## GOAL OF THE EXERCISE:
Skip the pictures and copy all the data that follows exactly.

BEGIN

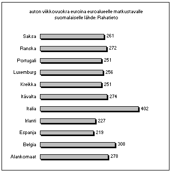 Edullisin vuokra oli Espanjassa 219 euroa eli 1 300 markkaa.
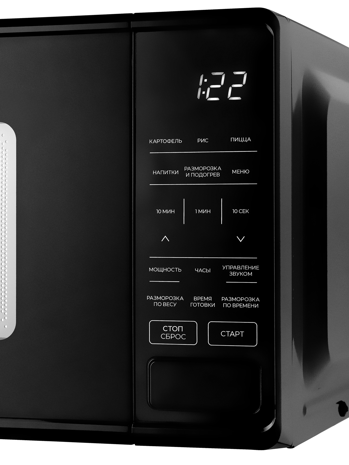 9 режимов приготовления: картофель, рис, пицца, напитки, разморозка и разогрев, разогрев, попкорн, суп, овощи
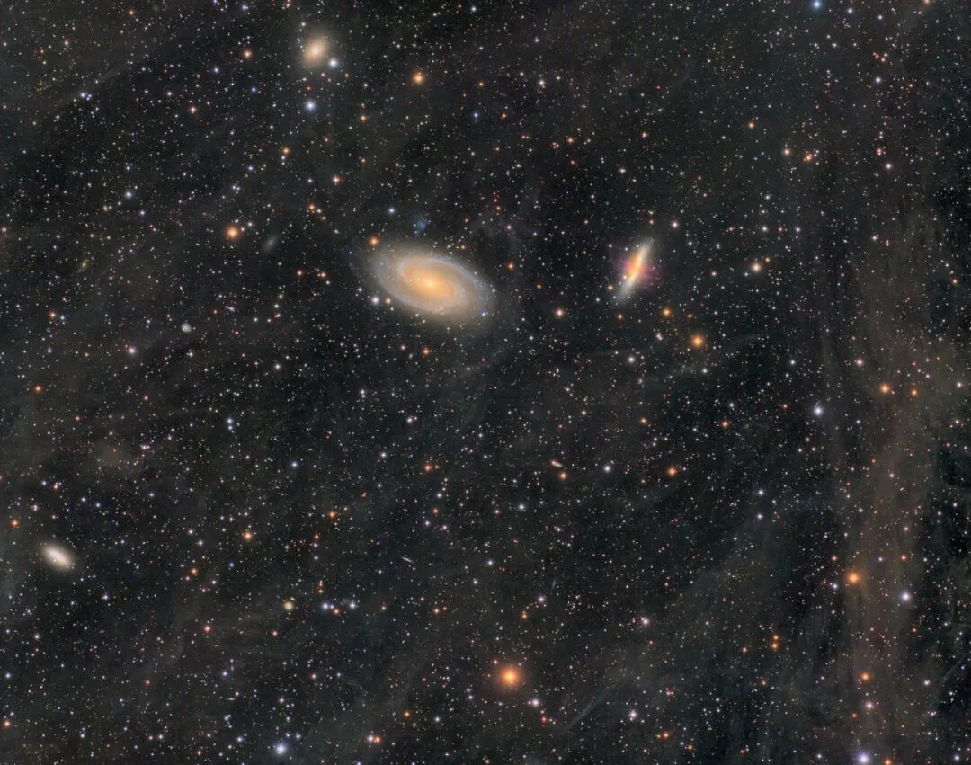 位于大熊座有一个著名的旋涡星系M81,它是非本星系团中离我们最近的星系,而在它北边大约2度的地方,还有一个星系M82,它隔着一片尘云侧面对着我们。在这两个星系中,爆发了一场引力战争,无论怎样,10亿年后只有一个星系能存活下来。
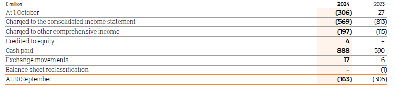 Provisions arising from uncertain tax positions taken in the calculation of tax assets and liabilities are included within current and deferred tax liabilities. At 30 September 2024 the total value of these provisions excluding offsetting assets under mutual agreement procedure was £365 million (2023: £261 million excluding offsetting assets). The assessment of uncertain tax positions is subjective and significant management judgement is required. This judgement is based on current interpretation of legislation, management experience and professional advice. Until matters are finally concluded it is possible that amounts ultimately paid will be different from the amounts provided.
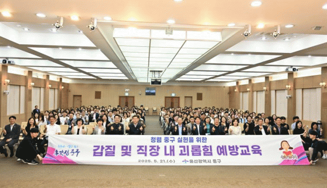 [NWS¹æ¼Û=Çѽ¸ñ ±âÀÚ]¿ï»ê Áß±¸°¡ 5¿ù 21ÀÏ ¿ÀÈÄ 2½Ã Áß±¸Ã» ´ëȸÀǽǿ¡¼­ °£ºÎ °ø¹«¿ø°ú ½Å±Ô ÀÓ¿ëÀÚ, ½ÂÁøÀÚ µî Á÷¿ø 250¿© ¸íÀ» ´ë»óÀ¸·Î °©Áú ¹× Á÷Àå ³» ±«·ÓÈû ¿¹¹æ ±³À°À» ÁøÇàÇß´Ù. À̹ø ±³À°Àº Á÷Àå ³» ±«·ÓÈû¿¡ ´ëÇÑ °æ°¢½ÉÀ»¡¦
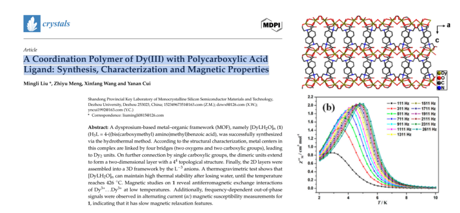 近日,化学化工学院教师刘明丽副教授作为第一作者,今年会官方网站为第一完成单位在《Crystals》(中科院三区)发表题为“A Coordination Polymer of Dy(III) with Polycarboxylic Acid Ligand: Synthesis, Characterization and Magnetic Properties”的学术成果。
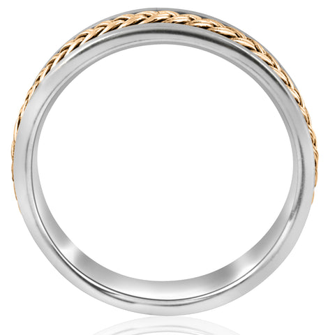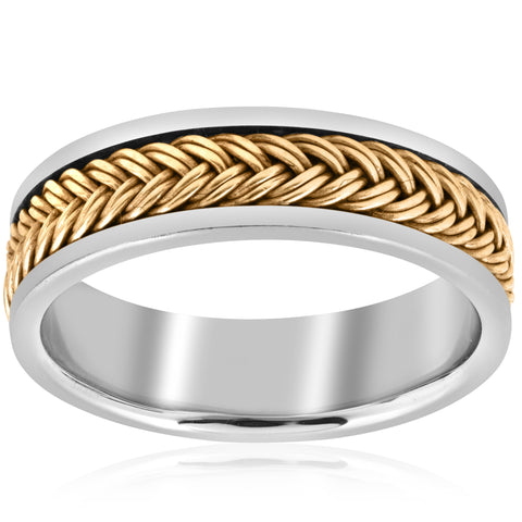 Mens 14K White Yellow Gold Two Tone Braided Band Ring Comfort Fit

END

## WRITTEN ANSWER:
 Edullisin vuokra oli Espanjassa 219 euroa eli 1 300 markkaa.
 9 режимов приготовления: картофель, рис, пицца, напитки, разморозка и разогрев, разогрев, попкорн, суп, овощи
 位于大熊座有一个著名的旋涡星系M81,它是非本星系团中离我们最近的星系,而在它北边大约2度的地方,还有一个星系M82,它隔着一片尘云侧面对着我们。在这两个星系中,爆发了一场引力战争,无论怎样,10亿年后只有一个星系能存活下来。
 Provisions arising from uncertain tax positions taken in the calculation of tax assets and liabilities are included within current and deferred tax liabilities. At 30 September 2024 the total value of these provisions excluding offsetting assets under mutual agreement procedure was £365 million (2023: £261 million excluding offsetting assets). The assessment of uncertain tax positions is subjective and significant management judgement is required. This judgement is based on current interpretation of legislation, management experience and professional advice. Until matters are finally concluded it is possible that amounts ultimately paid will be different from the amounts provided.
 [NWS¹æ¼Û=Çѽ¸ñ ±âÀÚ]¿ï»ê Áß±¸°¡ 5¿ù 21ÀÏ ¿ÀÈÄ 2½Ã Áß±¸Ã» ´ëȸÀǽǿ¡¼­ °£ºÎ °ø¹«¿ø°ú ½Å±Ô ÀÓ¿ëÀÚ, ½ÂÁøÀÚ µî Á÷¿ø 250¿© ¸íÀ» ´ë»óÀ¸·Î °©Áú ¹× Á÷Àå ³» ±«·ÓÈû ¿¹¹æ ±³À°À» ÁøÇàÇß´Ù. À̹ø ±³À°Àº Á÷Àå ³» ±«·ÓÈû¿¡ ´ëÇÑ °æ°¢½ÉÀ»¡¦
 近日,化学化工学院教师刘明丽副教授作为第一作者,今年会官方网站为第一完成单位在《Crystals》(中科院三区)发表题为“A Coordination Polymer of Dy(III) with Polycarboxylic Acid Ligand: Synthesis, Characterization and Magnetic Properties”的学术成果。
 Mens 14K White Yellow Gold Two Tone Braided Band Ring Comfort Fit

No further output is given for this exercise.